- Mike Prongue
If you’ve been involved in the Electronic Message Center (EMC) industry for any length of time, chances are you probably have strong opinions regarding the pros and cons of importing EMCs from China. Whether your believe importing EMCs from China is an excellent possible way to compete because of the low factory pricing, or you believe the general quality and technology of Chinese product is still evolving and you wouldn’t do it for any reason… well, it doesn’t matter for this discussion.
Let’s suspend the debate for a few minutes and insert the
old adage “it is what it is.” Whatever it is, good, bad or ugly there are
definite realities associated with importing, particularly from China.
- Is importing really what you want to do? This means- does your company want to consume the real extra man hours of payroll, have the international business skills and finally have the eternal on-going, daily patience, to buy direct from a Chinese manufacturer or would you rather do what your business does best and just focus on SELLING EMC displays?
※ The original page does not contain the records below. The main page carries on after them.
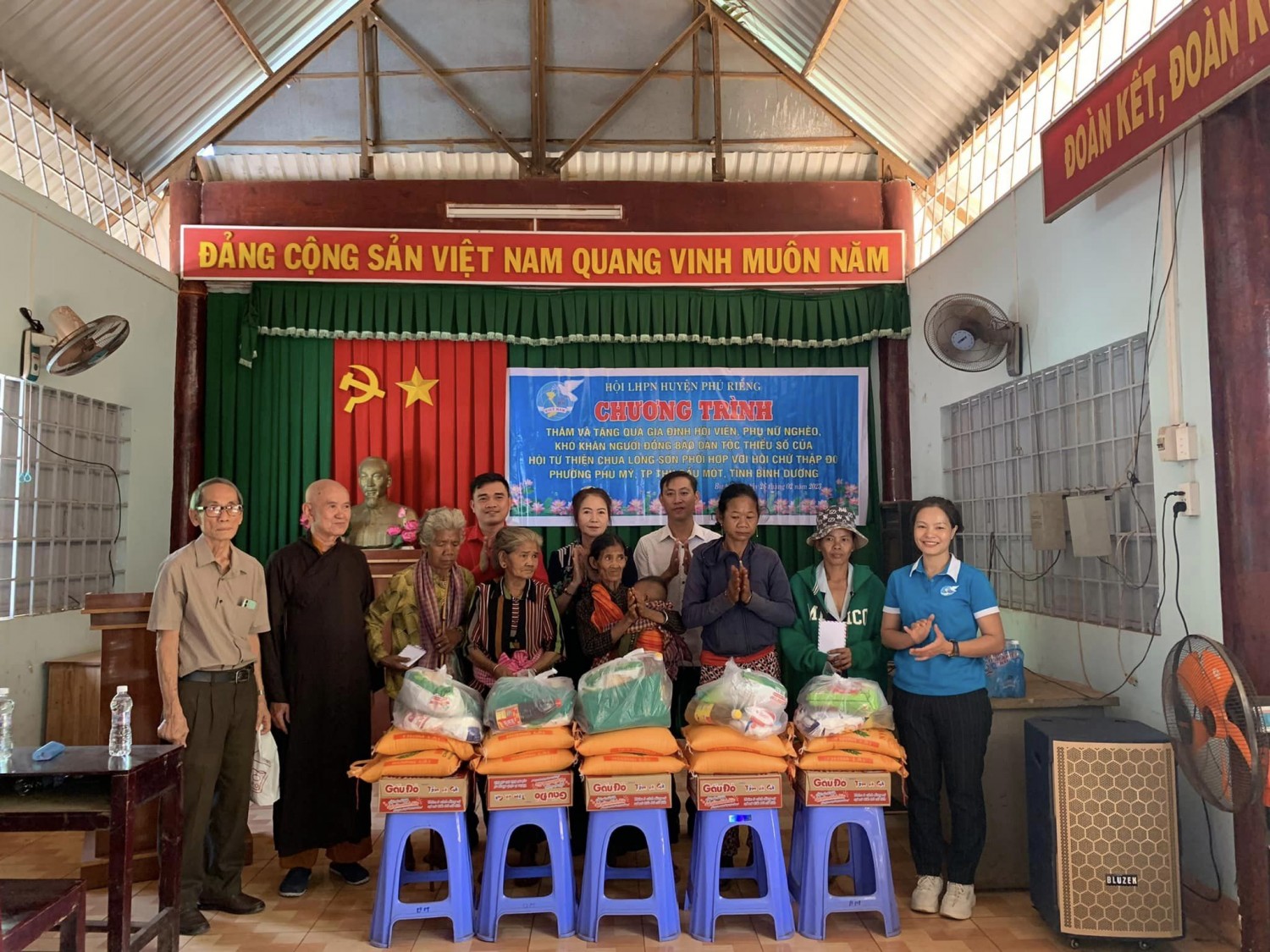 Ngày 26/02, Đoàn từ thiện của Chùa Long Sơn phối hợp với Hội Chữ thập đỏ phường Phú Mỹ thị xã Thủ Dầu Một (Bình Dương) đã đến thăm và trao tặng 150 phần quà cho chị em hội viên phụ nữ khó khăn tại 2 xã Phước Tân và Bình Sơn của huyện Phú Riềng. Đồng chí Nguyễn Quốc Soài - Phó Bí thư Thường trực Huyện uỷ; Nguyễn Thị Thanh - HUV, Chủ tịch Hội LHPN huyện tiếp và cùng đi với đoàn. Đoàn đã đến thăm và trao tặng 100 phần quà cho chị em phụ nữ khó khăn tại thôn Bình Trung, xã Phước Tân và 50 phần quà cho chị em thôn Bình Minh xã Bình Sơn với trị giá mỗi phần 600 ngàn đồng. Được biết hoạt động thiện nguyện lần này do cô Nguyễn Thị Kim Ngọc - Nguyên Phó Bí thư Huyện uỷ Hớn Quản liên hệ và kết nối để hỗ trợ cho huyện Phú Riềng. Đồng thời cô cũng là 01 trong 05 nhà hảo tâm, mạnh thường quân đã tài trợ 150 phần quà cho chương trình bao gồm: Hội từ thiện Chùa Long Sơn, Hội Chữ Thập Đỏ phường Phú Mỹ (TP. Thủ Dầu Một, tỉnh Bình Dương); Công đoàn Ngân hàng BIDV tỉnh Bình Dương; Ông Trần Hoàng Anh - Bệnh viện MeDic tỉnh Bình Dương và một số mạnh thường quân. Những phần quà đong đầy yêu thương và tình cảm của đoàn từ thiện đã phần nào chia sẻ khó khăn, động viên, khích lệ chị em phụ nữ nghèo của huyện Phú Riềng tiếp tục vươn lên trong cuộc sống. Đặc biệt là trong thời điểm huyện nhà đang sôi nổi tổ chức các hoạt động kỷ niệm ngày quốc tế PN 8/3 và hướng về phụ nữ, chuyến đi tình nguyện lần này của đoàn lại càng ý nghĩa hơn bao giờ hết. Đây sẽ là động lực để huyện Phú Riềng ngày càng thực hiện tốt hơn nữa công tác an sinh xã hội, chăm lo đời sống nhân dân trên địa bàn huyện. Nguồn tin: Dạ Thảo – Hội LHPN huyện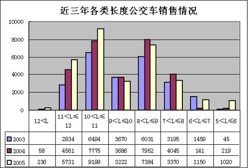 2005年10米以上公交客车(14930辆)的增长率为20.83%,远高于该级别客车(33857辆)13.71%的增长速度,其中,10~11米公交客车(9199辆)的增速为18.32%,与该级别客车(14543辆)的增速基本相同(18.72%),而11~12米公交客车(5731辆)的增速为25.10%,要高于这一级别客车(19314辆)增速(10.22%)15个百分点。而7~10米这一区间长度的公交车销量却出现了不同程度的下降,5~6米和6~7米公交车却出现了一定程度的增长。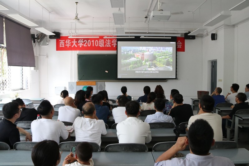 校友们观看了学校及学院的招生宣传片。片中展示了学校优美的校园环境、先进的教学设施以及法学专业深厚的底蕴和丰硕的教学成果。随后,2010级法学专业辅导员徐薇召开“返校班会”,校友们分别上台分享他们在法律及其相关领域所获的成就,重温了当年的校园生活,同时也向母校和校友们送上了最真诚的祝福。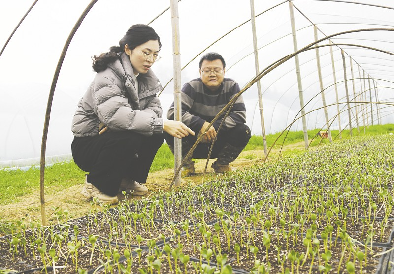 高亚和刘峰察看西瓜苗长势。卢静摄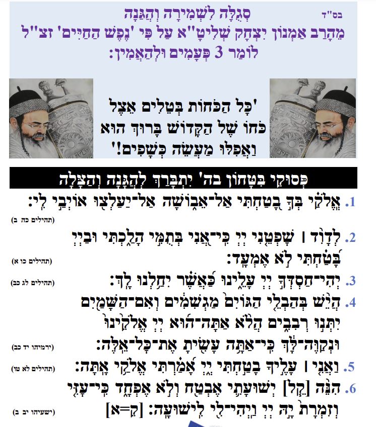 גם חולה מסוכן יכול לקום מחוליו ולהיות בריא ושלם, אם יפסיק לבטוח בבני אדם ויקבע עמוקות בלבו שרק הקב"ה עושה ויעשה לכל המעשים ו: "אֵין עוֹד מִלְבַדּוֹ" (דברים ד, לה) שום כח בעולם.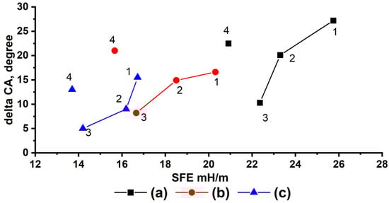 Dependence of the change of wetting angle after 24 h of contact of a water droplet with the textured aluminum surface modified with (a) poly-(TEMA-co-GMA); (b) poly-(HIMA-co-GMA); and (c) poly-(HBMA-co-GMA) from the surface free energy with varying FMA contents of the copolymer (1—33%; 2—50%; 3—66%; 4—100%).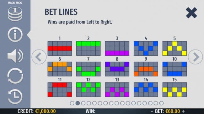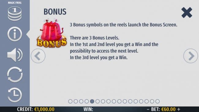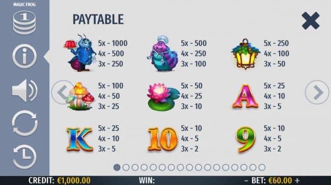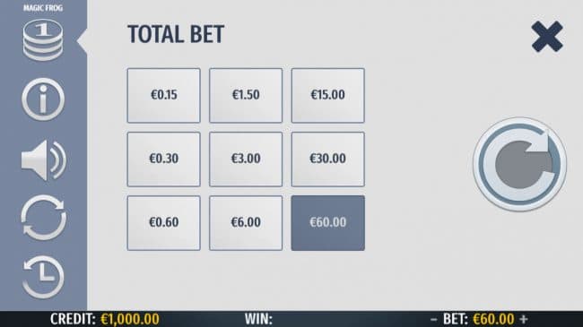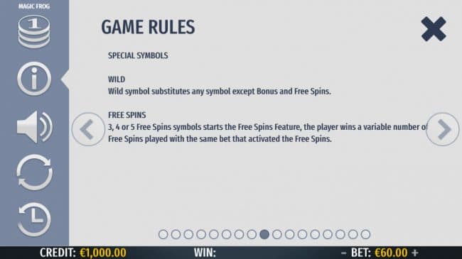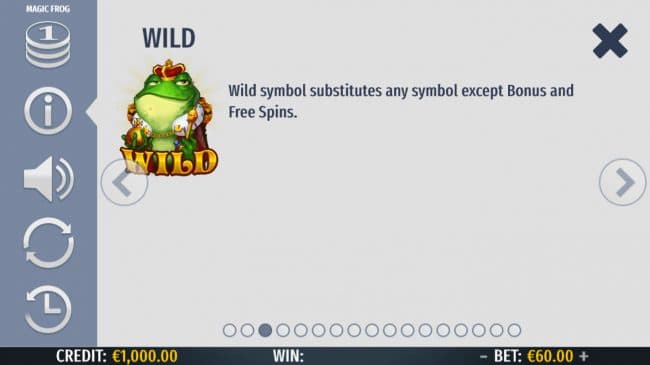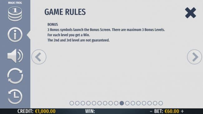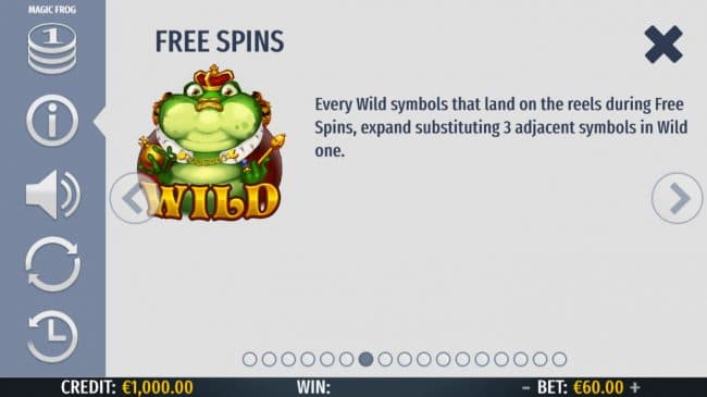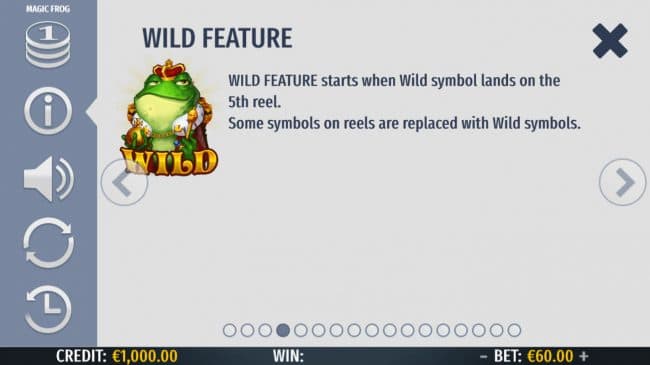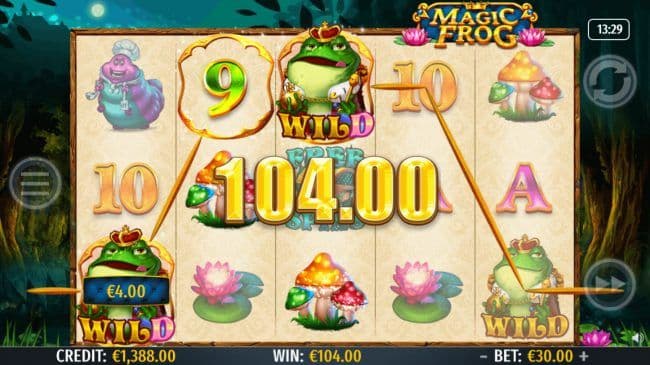 We say the slot feature piece of Magic Frog is really cool. Following are explanations on the extras you are able to get. If you enjoy huge pay outs, the Wild Feature would appear to have been designed for you. Simply get wild symbol landing on the 5th reel to launch. A Bonus Game is launched by getting three bonus symbols on the reels, this feature appears to produce quite good. By getting three free spins symbols on the reels the bonus round triggers. This Free Spins is a decent way to generate winnings. I have to grade Magic Frog 5 out of 5 stars on the bonus rounds. Bonus games add so much depth to modern slots, this is by far the best feature of Magic Frog.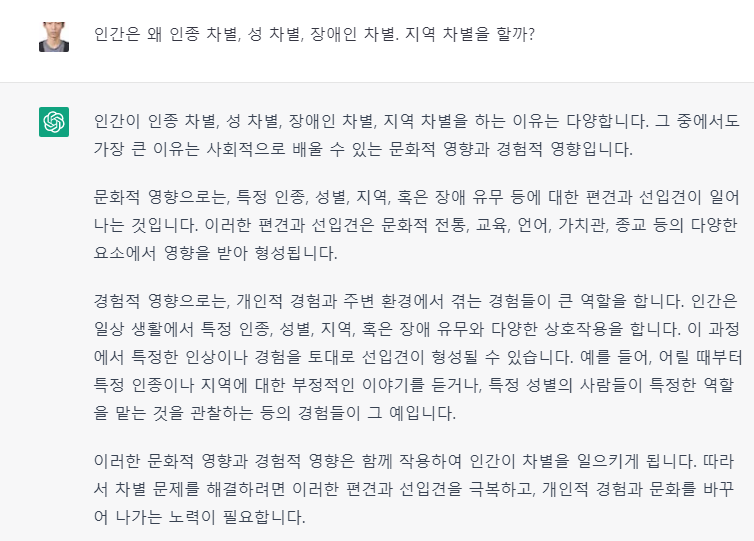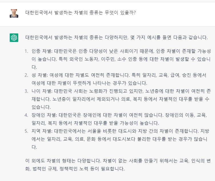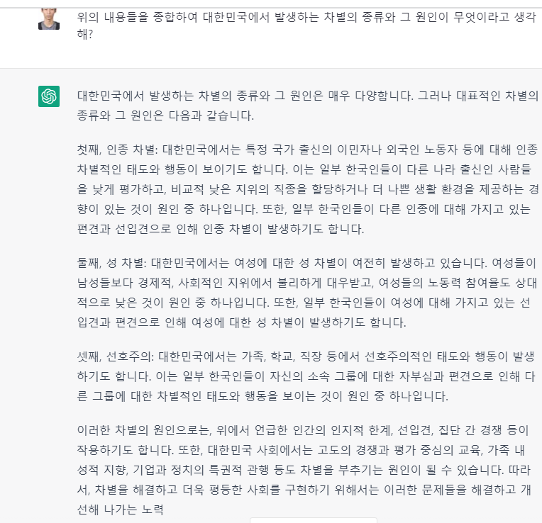 등의 질문을 통해 기존의 초안을 비판적으로 분석하게 하는 것이다. 또한 이를 종합하여 Chat GPT에 다시금 ‘위의 내용들을 종합하여 대한민국에서 발생하는 차별의 종류와 그 원인이 무엇이라고 생각해?’라고 질문하였을 때, 다음과 같은 답을 얻을 수 있었다.

- How do you select a Chinese partner to do business with? There are literally hundreds of “professional leading suppliers” waiting for you. How do you select the right one, check them out, explore their reputation, and their ability to respond to your requests. It’s challenging enough to select a partner in North America, let alone a company 9,000 miles away.
- Are you aware of the 12-13 hour time difference and are you prepared to wait a day for almost any question, order, request or emergency? They are asleep when you are awake and this impractical issue reduces service to your customer dramatically.
- How do you handle parts warranty claims? It costs almost as much to ship a power supply, an LED module, or a controller card back to China in an expedite mode as the part is worth. If they have a three year parts warranty, that is really YOUR warranty obligation.
- Can you and your customer wait 12-14 weeks for delivery? Sure, they can make it in two weeks but that is only the start. You have Chinese government quality inspections, shipping to port, loading of the transport vessel, 14 days across the Pacific, offloading in some port (Long Beach for example), custom holds, transfers, lost containers, strikes and of course, sometimes a week to get it trucked across the country. Then you must set it up in your shop to ensure it works before installing it at the job site.
- A little secret- they speak Chinese. Many of your contacts speak decent English, but it is a very stilted and difficult communication process.
- Where is your order? What do you tell your customer? How do you explain why another project is late because one of the many Chinese Holidays, shut the plant down for 10 days?
- Is the software and the documentation sufficiently Americanized for your customer to feel good about the purchase? What do those Chinese symbols mean to the Deli owner in Chicago?
The seductive factory-direct pricing may catch your
attention. But when you add the stress, the worry, the communication issues,
the time delays, promises not kept or even understood… then you may think twice
about the real cost of importing direct from China.
The secondary costs of your
time and manpower, customer disappointment, delayed delivery, shipping expense,
can be expressed in real dollars and you must look at the big picture before
getting involved in the Asian theater.
It can be a very frustrating scenario, and as one dealer
stated “A very slow boat”.
**Note
all posts/thoughts/writings are strictly the viewpoint of me and me
alone and do not reflect nor speak for Vantage LED’s beliefs, attitudes,
thoughts, etc. unless specifically stated.